** Exercise objective **
Only the pictures are to be omitted; everything else in the listing must be reproduced exactly.

** Collected data **
--- --- ---
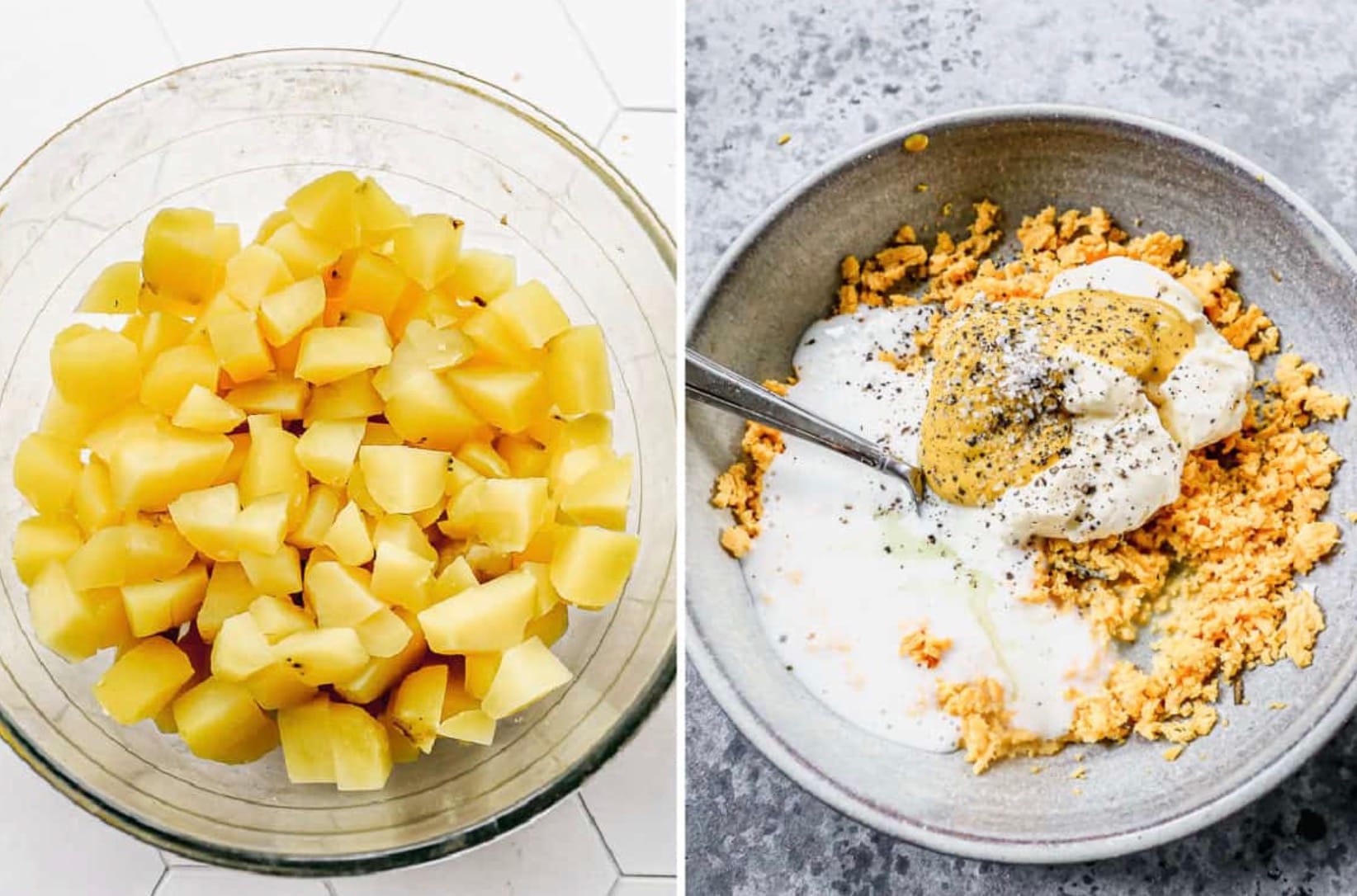 Add a splash of vinegar to the warm potatoes for extra tang. You can use apple cider vinegar or white vinegar. This step really boosts the flavor.
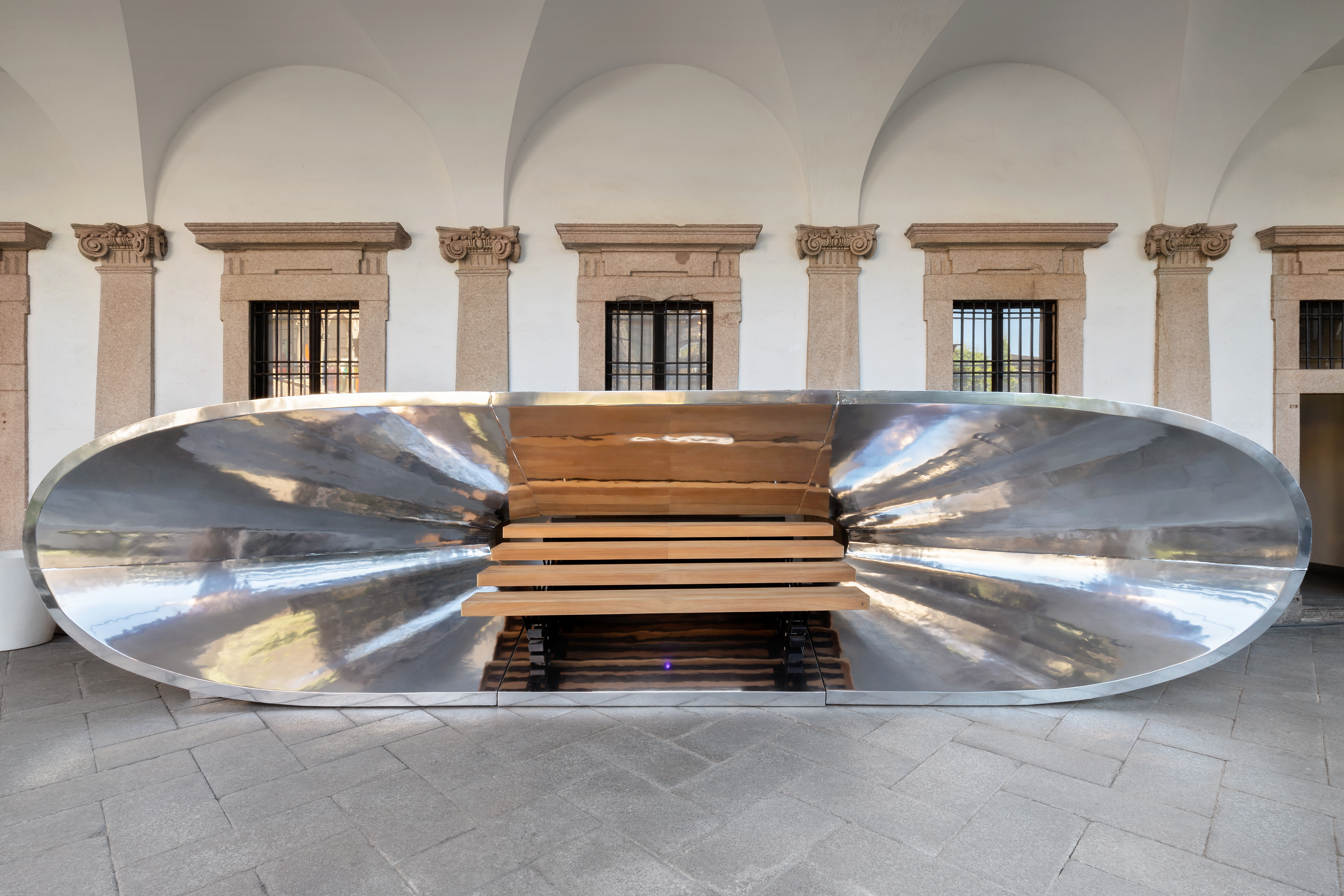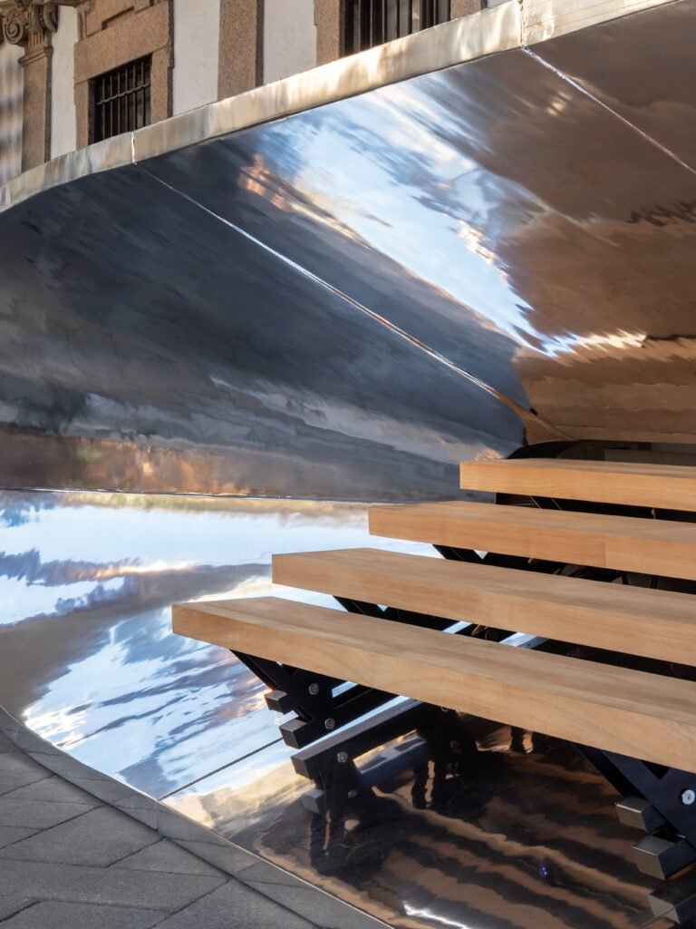 This installation is a big sculptural concave mirrored surface that respresent the flow of things, where change is evolution if at its center there is innovation.
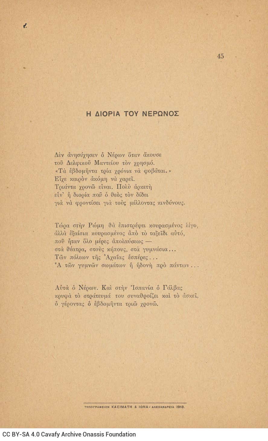 CA - CAVAFY, C. P. FONDS
--- --- ---
** Completed task **
 Add a splash of vinegar to the warm potatoes for extra tang. You can use apple cider vinegar or white vinegar. This step really boosts the flavor.
 This installation is a big sculptural concave mirrored surface that respresent the flow of things, where change is evolution if at its center there is innovation.
 CA - CAVAFY, C. P. FONDS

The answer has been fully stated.